■ Work required ■
In the data below, find the line containing "2025年2月より、FIT365入間サイオスは無人店舗として運営いたします。" and the line containing "US Girls Boys", then reproduce them and every line between, exactly. Omit pictures.

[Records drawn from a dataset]

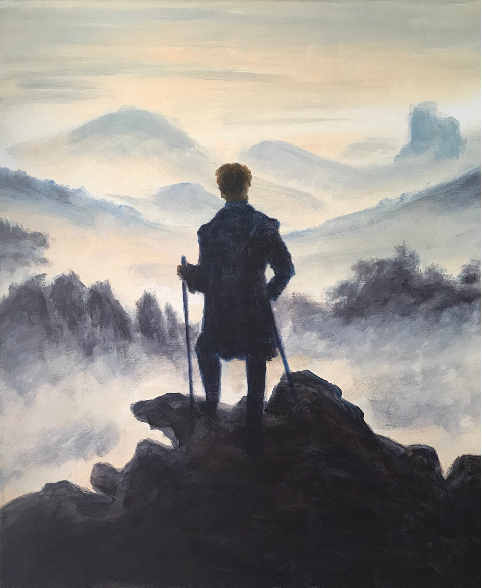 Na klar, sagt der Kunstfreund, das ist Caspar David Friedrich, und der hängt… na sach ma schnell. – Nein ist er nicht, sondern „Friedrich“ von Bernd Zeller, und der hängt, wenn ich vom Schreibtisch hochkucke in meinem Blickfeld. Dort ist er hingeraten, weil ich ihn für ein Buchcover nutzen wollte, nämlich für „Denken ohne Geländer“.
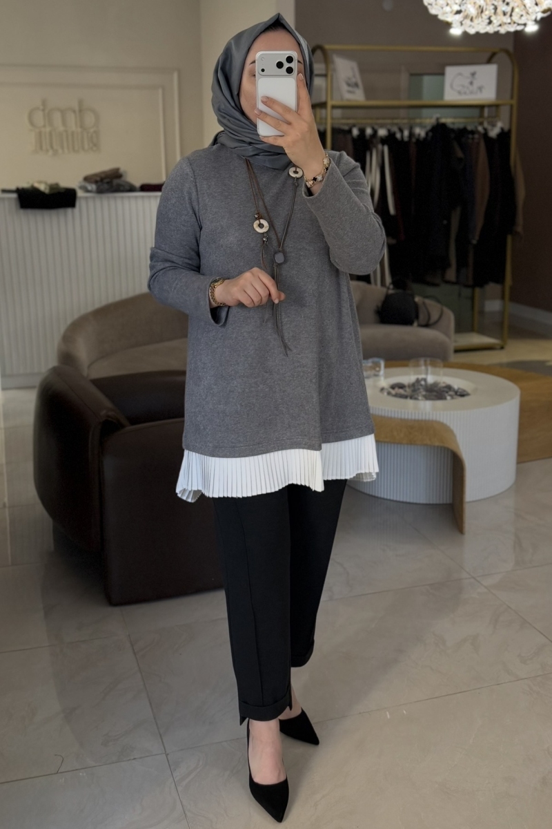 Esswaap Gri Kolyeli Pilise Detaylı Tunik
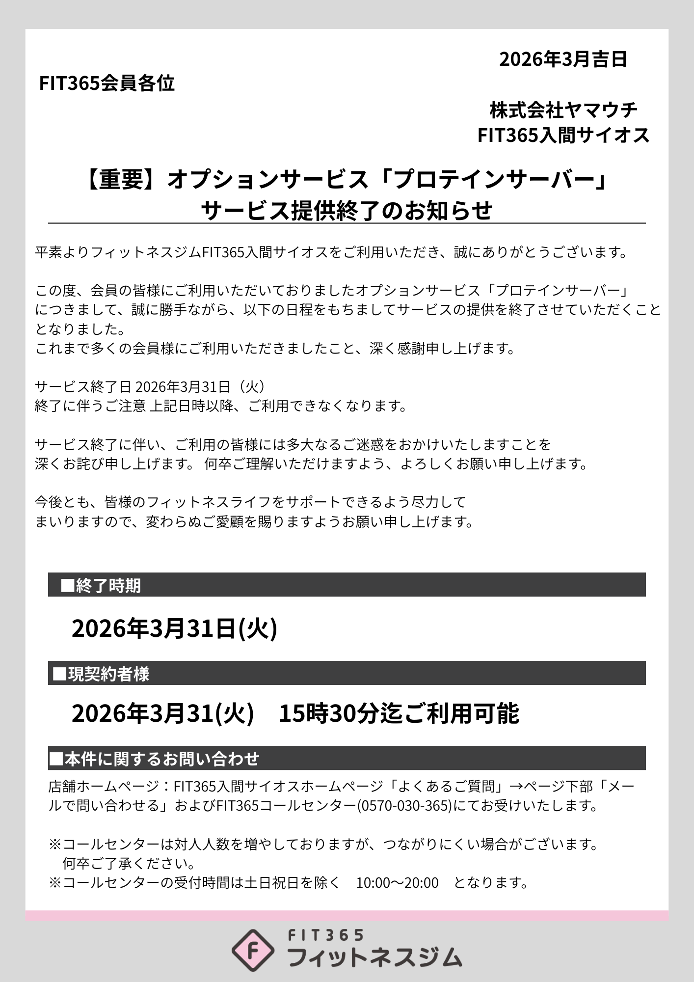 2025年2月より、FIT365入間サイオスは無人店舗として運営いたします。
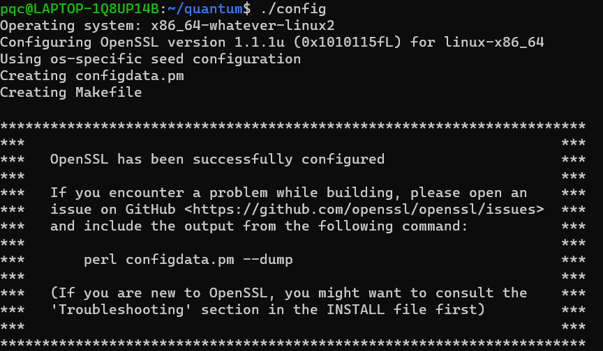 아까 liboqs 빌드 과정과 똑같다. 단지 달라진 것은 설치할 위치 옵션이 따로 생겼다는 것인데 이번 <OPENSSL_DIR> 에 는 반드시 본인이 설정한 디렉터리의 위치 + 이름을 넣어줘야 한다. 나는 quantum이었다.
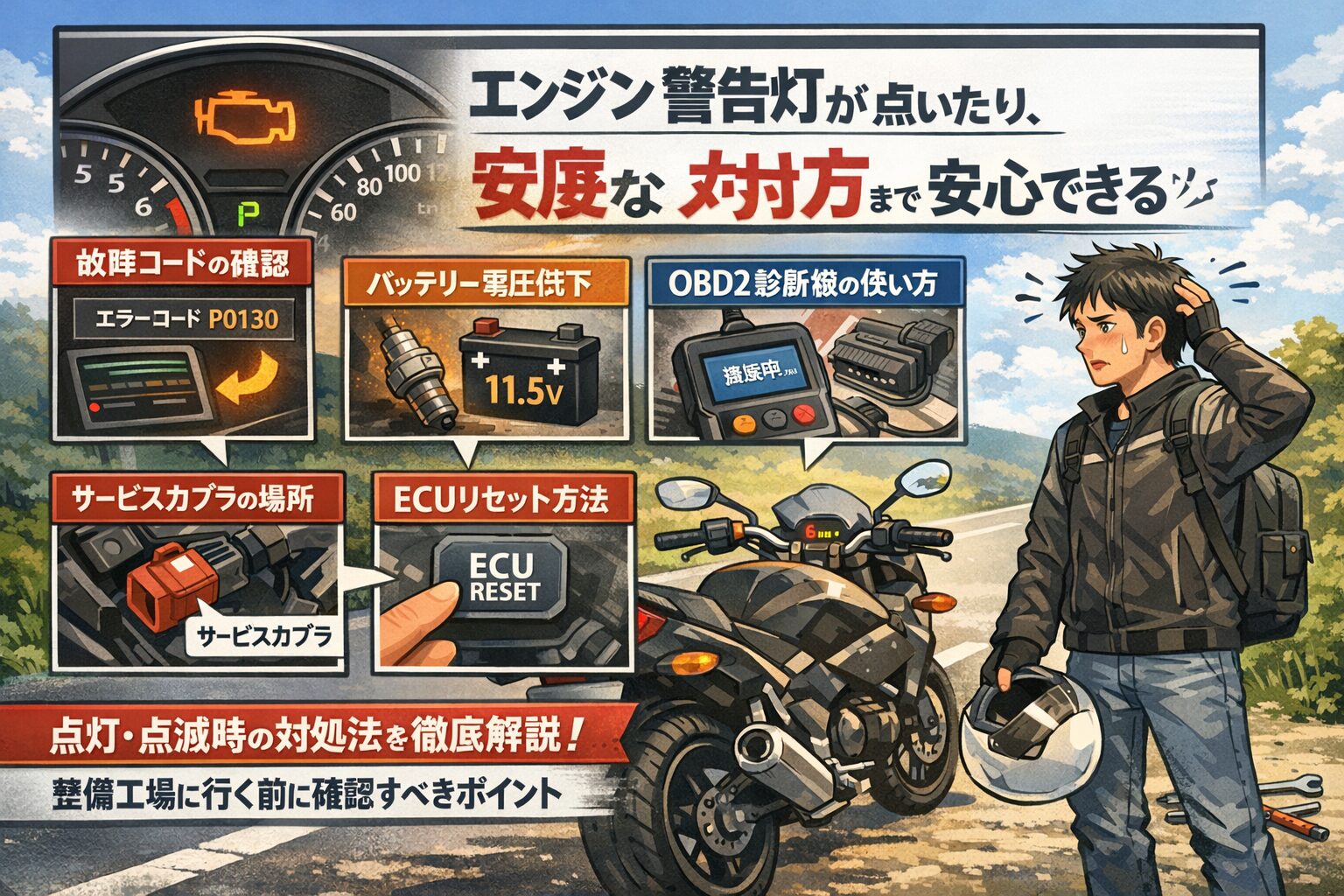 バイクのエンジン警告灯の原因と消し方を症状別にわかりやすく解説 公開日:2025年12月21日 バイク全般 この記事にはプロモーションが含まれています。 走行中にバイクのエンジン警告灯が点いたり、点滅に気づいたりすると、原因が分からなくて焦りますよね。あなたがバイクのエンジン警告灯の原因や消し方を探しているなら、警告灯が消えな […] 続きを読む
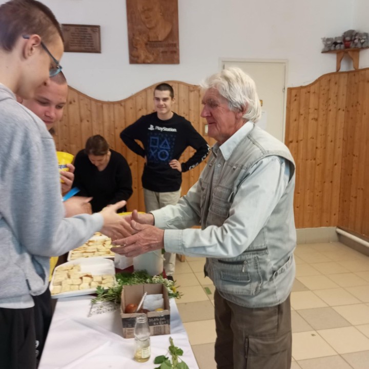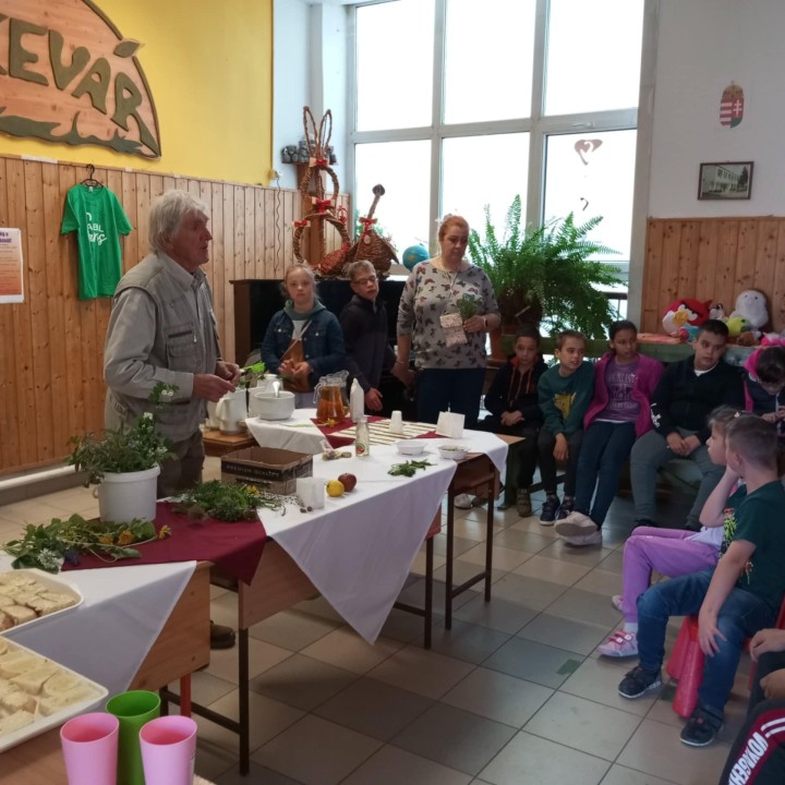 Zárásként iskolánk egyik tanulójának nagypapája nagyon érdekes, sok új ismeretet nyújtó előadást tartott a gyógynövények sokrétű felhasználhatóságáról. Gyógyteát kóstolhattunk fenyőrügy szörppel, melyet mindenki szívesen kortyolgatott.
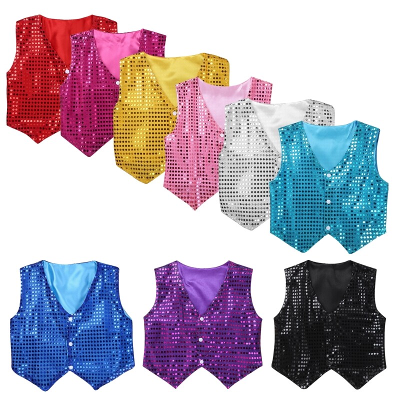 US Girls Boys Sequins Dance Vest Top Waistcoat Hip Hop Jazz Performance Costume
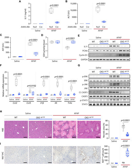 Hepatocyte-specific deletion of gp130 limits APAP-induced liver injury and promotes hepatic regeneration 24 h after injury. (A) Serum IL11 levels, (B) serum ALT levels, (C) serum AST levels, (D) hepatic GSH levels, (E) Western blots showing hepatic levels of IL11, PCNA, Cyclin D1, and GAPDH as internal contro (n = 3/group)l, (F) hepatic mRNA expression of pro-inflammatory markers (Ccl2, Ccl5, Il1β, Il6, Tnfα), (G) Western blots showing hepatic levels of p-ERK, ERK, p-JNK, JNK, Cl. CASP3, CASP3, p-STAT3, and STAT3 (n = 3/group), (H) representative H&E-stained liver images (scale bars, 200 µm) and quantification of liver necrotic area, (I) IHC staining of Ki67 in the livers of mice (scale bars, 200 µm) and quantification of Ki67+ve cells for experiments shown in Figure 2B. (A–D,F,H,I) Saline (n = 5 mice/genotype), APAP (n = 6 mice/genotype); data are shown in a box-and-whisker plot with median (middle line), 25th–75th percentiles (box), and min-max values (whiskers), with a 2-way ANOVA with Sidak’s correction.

■ Written answer ■
 2025年2月より、FIT365入間サイオスは無人店舗として運営いたします。
 아까 liboqs 빌드 과정과 똑같다. 단지 달라진 것은 설치할 위치 옵션이 따로 생겼다는 것인데 이번 <OPENSSL_DIR> 에 는 반드시 본인이 설정한 디렉터리의 위치 + 이름을 넣어줘야 한다. 나는 quantum이었다.
 バイクのエンジン警告灯の原因と消し方を症状別にわかりやすく解説 公開日:2025年12月21日 バイク全般 この記事にはプロモーションが含まれています。 走行中にバイクのエンジン警告灯が点いたり、点滅に気づいたりすると、原因が分からなくて焦りますよね。あなたがバイクのエンジン警告灯の原因や消し方を探しているなら、警告灯が消えな […] 続きを読む
 Zárásként iskolánk egyik tanulójának nagypapája nagyon érdekes, sok új ismeretet nyújtó előadást tartott a gyógynövények sokrétű felhasználhatóságáról. Gyógyteát kóstolhattunk fenyőrügy szörppel, melyet mindenki szívesen kortyolgatott.
 US Girls Boys Sequins Dance Vest Top Waistcoat Hip Hop Jazz Performance Costume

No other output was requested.